As someone who makes his living (such as it is) as a writer, I can certainly sympathize with those who seek to extend and protect the sanctity of copyright. But like your relatives, the family resemblance can sometimes make you cringe.
One such occasion was attending the World Copyright Summit in Washington, DC this week.
The summit was organized by the International Confederation of Societies of Authors and Composers (CISAC), a coalition of royalty collection societies from around the world, including ASCAP, BMI and SESAC in the U.S. It’s a community that sees itself as under siege these days from hordes of “thieves” and “pirates” and from callow, ungrateful young people who have “no respect” for “the value of intellectual property.”
Director Milos Forman went so far as to accuse “our opponents,” as he phrased it (otherwise known as the audience), of promoting a “communist ideology” with respect to intellectual property.
“Karl Marx was very clear,” Forman said. “To everyone, everything according to his needs.
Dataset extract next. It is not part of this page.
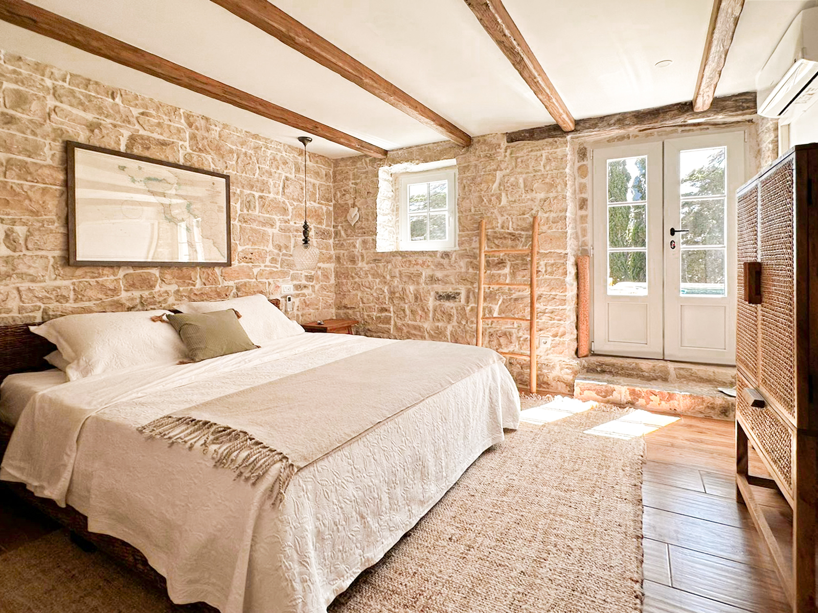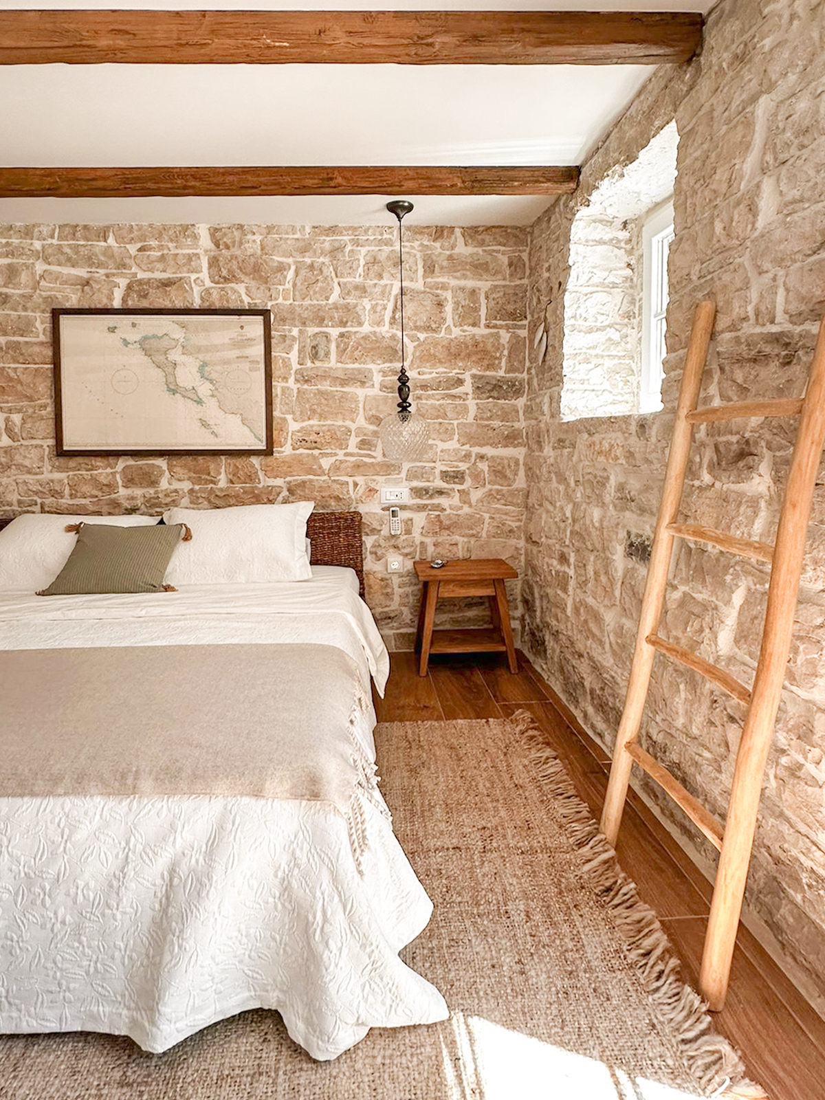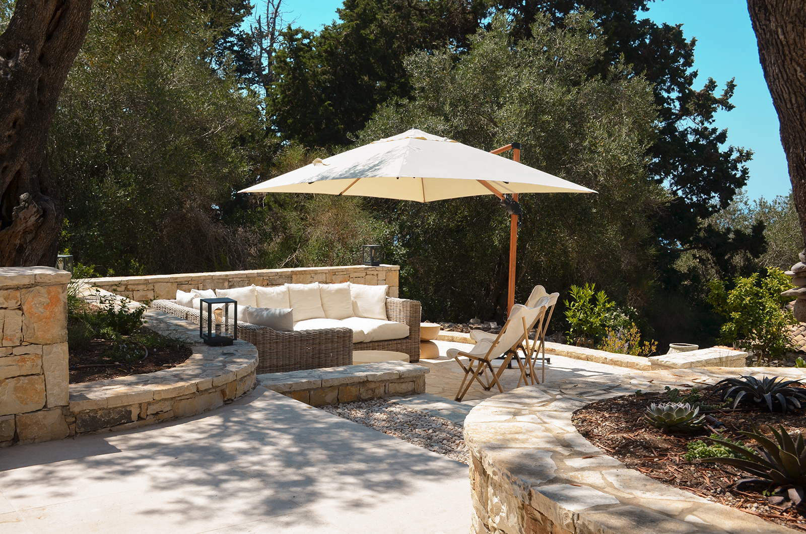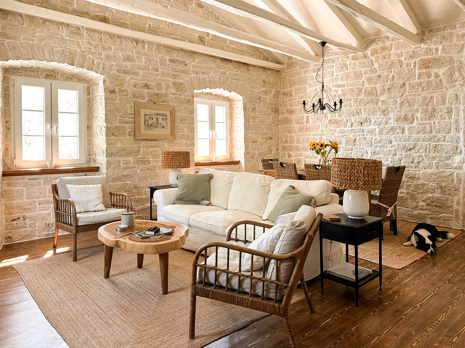 Πέτρινες καμάρες, λευκασμένες δοκοί και δάπεδα από φυσική πέτρα ή ξύλο συνθέτουν μια παλέτα ήρεμηςμοντέρνας έκφρασης, όπου η υλικότητα, το φως και η σκιά γίνονται οι πρωταγωνιστές. Παράθυρα τοποθετημένα στο κέντρο των παλαιών πέτρινων τοίχων πλαισιώνουν θέες προς το Ιόνιο, τον ελαιώνα και την πισίνα, διατηρώντας μια σταθερή σύνδεση με το τοπίο.

Now, we all need a little entertainment from time to time, so why shouldn’t I just take it?”
What became apparent over the two-day gathering, however, was that the siege mentality itself is a major part of the very problem the summit ostensibly sought to address: how to reconsile the 400-year old system of exclusive rights with the very non-exclusive gestalt of the Internet.
It betrays a sense of entitlement–essentially a demand that the world not change in ways not to their liking–that is simply not reasonable for anyone to expect, whether in their chosen profession or any other aspect of life.
The biggest applause line of the conference–used once by ASCAP CEO John LoFrumento and once by NMPA CEO David Israelite–was the suggestion that YouTube (the bete noire of many speakers) should have “sat down” with copyright owners before introducing the service to “work out and arrangement” (i.e. payment plan) acceptable to both “sides.”
“Shouldn’t you have sat down with the [intellectual] property owners before you built your business to work it out?” LoFrumento asked YouTube general counsel Zahava Levine during a panel discussion. “We worked with broadcasters, we worked with cable, but when it comes to the Internet it’s like they forgot about the property owners.”
The crowd went wild.
“Why don’t [technology] innovators come to the creative community first?” Israelite demanded of Consumer Electronics Assn. CEO Gary Shapiro. “If YouTube had come to us first we probably could have worked it out and we wouldn’t be suing them today.”
Clapping and stomping.
In other words, YouTube and other innovators should seek permission from copyright owners before innovating.
But Chad Hurley and Steve Chen didn’t set out to create a platform for exploiting copyrighted works when they created YouTube. The impetus came from their frustration at not being able to share videos that had been shot at a dinner party in Chen’s apartment in San Francisco. So they built an extremely useful tool for sharing video over the Internet.
Yes, YouTube is now owned by Google, a commercial venture that seeks to profit from its ownership of the video sharing site. Insofar as YouTube’s ultimate profitability is driven by the exploitation of copyrighted works it absolutely should compensate copyright owners (a point YouTube readily concedes).
But that wasn’t the case in 2005, when Hurley and Chen built their tool.
Israelite’s argument–taken to its logical conclusion–amounts to a claim that Hurley and Chen should have had to seek prior written consent from copyright owners (all of them? some of them?) before they started writing the code for YouTube because it could be possible for others later to use YouTube to display or reproduce copyrighted works.
That’s simply not how life works.
I was recently laid off from my job at a magazine after 16 years because the market for print magazines–and thus the market for my services–has changed. Much of that change has been driven by the same digital technology that LoFrumento and Israelite seek veto power over on behalf of copyright owners. But it’s still up to me to adapt. The world doesn’t owe me a living as a newspaper reporter. And it certainly doesn’t entitle me to decree how people should or should not get their news.
The very sense of entitlement Milos Forman decries in his audience, those disciples of Karl Marx, is equally matched by the sense of entitlement exhibited by those who applauded LoFrumento and Israelite for insisting that technological innovation conform to their professional interests.
That’s not an argument, it’s a neurosis.
I can see how Milos Forman would be worried about the current trends.
With or without serious efforts to adapt to the new Internet-age reality, creators of recordable content are facing an up hill battle these days. Their whole career lifestyle is in jeopardy.
And if creators have it tough, staffers of industry firms have it worse; prospect of inexorable downsizing and unemployment.
I sometimes think industry types look to creators to spearhead the opposition because copyright theft is a much more potent argument than mere cries for help from a moribund industry.
I also think the “communist” analogy is not so off-mark. YouTube et al. have enabled the distribution of programs to mass audience at little cost to them as possible. That’s not capitalism.